How long does it take to get a Master Agreement in place?

We can send our MSA upon request and depending on the level of changes, and it can take up to a couple of weeks until signature.

What software do you use to coordinate and sync your activity?

We’ve developed 2 software – a Project Management and a Clients ́ Portal – which facilitate and automate many of the communication requirements associated with urgent and regular translation projects:

PROJECT MANAGEMENT PORTAL 

We have built a portal where Project Managers can very quickly post new projects, receive applications from translators, review translators ́ profiles (professional/educational background, services and specializations, feedback on their work, etc.) and hire the best candidates according to project requirements. The platform provides a central place where PMs can have real-time access to their projects, communicate with hired translators, store/exchange files via a secured system, etc. 

CLIENTS ́ PORTAL

We have created an online Portal to respond to Life Sciences companies ́ demand for real-time access to their projects and billing information. As well as providing a secure and HIPAA compliant store/exchange file system, it also centralizes all translation activities with one provider. Imagine a customized portal, where all your colleagues from all operating offices can place orders in one place. This technology automates and facilitates the coordination of large-scale and regular translation projects.

We have developed an API we could use to connect with our clients ́ platform.

Do you have a portal for your customers?

We’ve created a uniquely tailored online Portal to respond to Life Sciences companies ́ demand for real-time access to their projects and billing information. As well as providing a secure and HIPAA compliant store/exchange file system, it also centralizes all translation activities with one provider. Imagine a customized portal, where all your colleagues from all operating offices can place orders in one place. This technology automates and facilitates the coordination of large-scale and regular translation projects.
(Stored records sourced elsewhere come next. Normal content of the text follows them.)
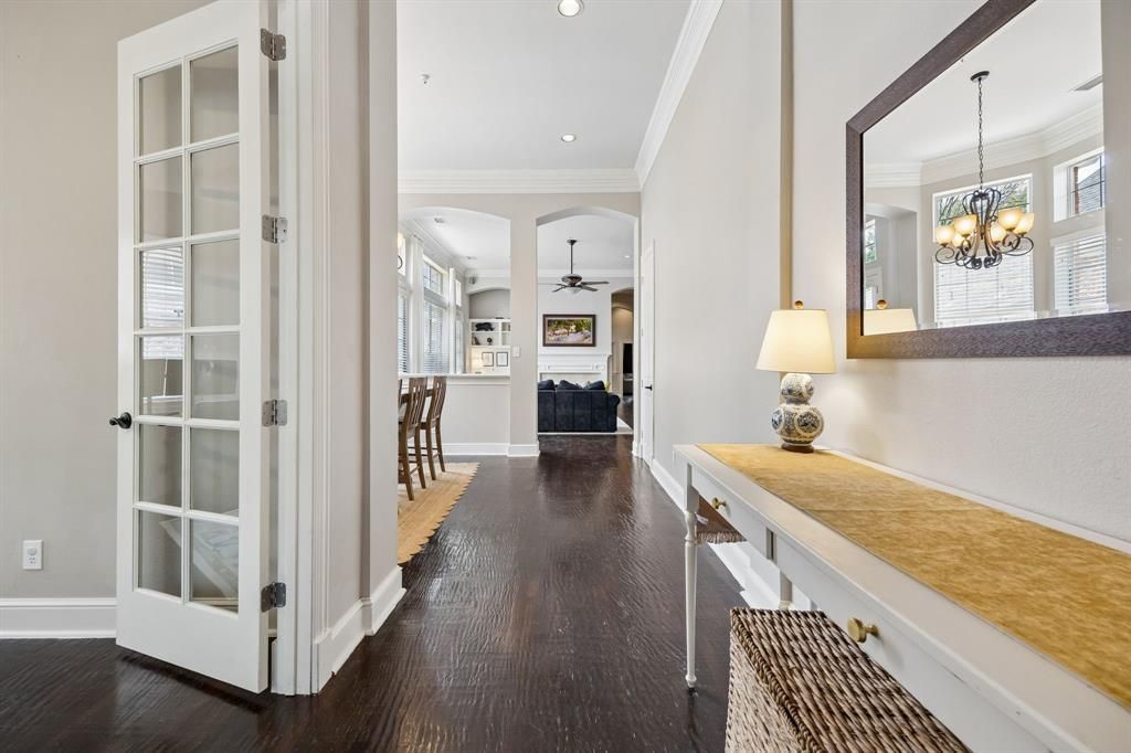 Beautifully updated + premium Park-side location! This thoughtfully improved single-story sits on one of the most desirable streets in Addison. Known for its elevated finish-outs, homes on Park Place feature tall ceilings, enhanced trim work, and a more refined feel throughout. Offering 4 bedrooms, 2.1 baths, and 2,304 square feet, the open-concept floor-plan is designed for both everyday living and entertaining. Rich wood flooring runs throughout the home with no carpet, complemented by high-end finishes and abundant natural light that enhances the seamless flow between the living, dining, and kitchen areas. The expansive eat-in kitchen features an open-concept design, showcasing granite counter-tops, a large center island, and high-end stainless steel appliances—perfect for effortless entertaining. The primary suite offers a private retreat with a remodeled bath featuring designer finishes, real marble flooring, and a spa-inspired atmosphere. The secondary full bath is updated and configured in a Jack-and-Jill layout, while the flexible fourth bedroom provides an ideal option for a home office or guest space. Step outside to a private backyard sanctuary complete with a spa and fenced 45’ lap pool, all set against a serene greenbelt backdrop. This tranquil outdoor setting offers both privacy and a rare sense of openness—perfect for relaxing or entertaining in style. Enjoy the added benefit of no HOA dues, along with exclusive resident access to the 55,000 sq-ft Addison Athletic Club featuring resort-style amenities. Ideally located near Addison’s trail system, dining, shopping, and major corridors, this home offers an exceptional blend of luxury, convenience, and lifestyle. This is a rare opportunity to own a beautifully updated home in one of North Texas’ most walk-able and sought-after communities. 3D VIRTUAL TOUR AVAILABLE**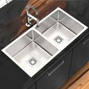 chirag 37x18x10 Kitchen Sink 37 Inches Double Bowl Handmade SS304 Stainless Steel Sink CKS3718M | Extra Heavy | Nano Coating | Premium Finish | Double Bowl Vessel Sink (Silver)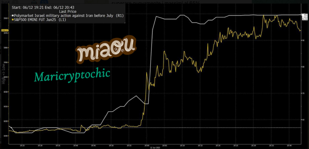 Una curiosità degna di nota, su Polymarket (piattaforma decentralizzata di scommesse su eventi futuri) c'era la possibilità di scommettere anche su un possibile attacco di Israele all'Iran.

  • Is it possible to request new features on your portal?
  • Can we have multi-users working simultaneously on your portal?
  • Is there a fee to use your portal?

Do you use CAT tools?

For Translation Memory management, we use Trados Studio (current version 2019). For each client, we create a specific TM for each language pair that is updated on a project basis upon translation finalization, to keep terminology and stylistic consistency for future translations.

Do your team of translators work under an NDA?

All our medical translators and experts work under binding non-disclosure agreements. 

Are you compliant with the EU General Data Protection Regulation?

We are registered with the local data protection organization and is up-to-date with GDPR requirements.  Our teams receive on-going training sessions from our data privacy consultant to keep up to date with GDPR requirements. We anonymize personal data before sharing any document with our translation teams and re-insert all data back, before delivery of the final translation Our portals are integrated with an online sharing/storage system that are fully HIPAA and Data Protection compliant.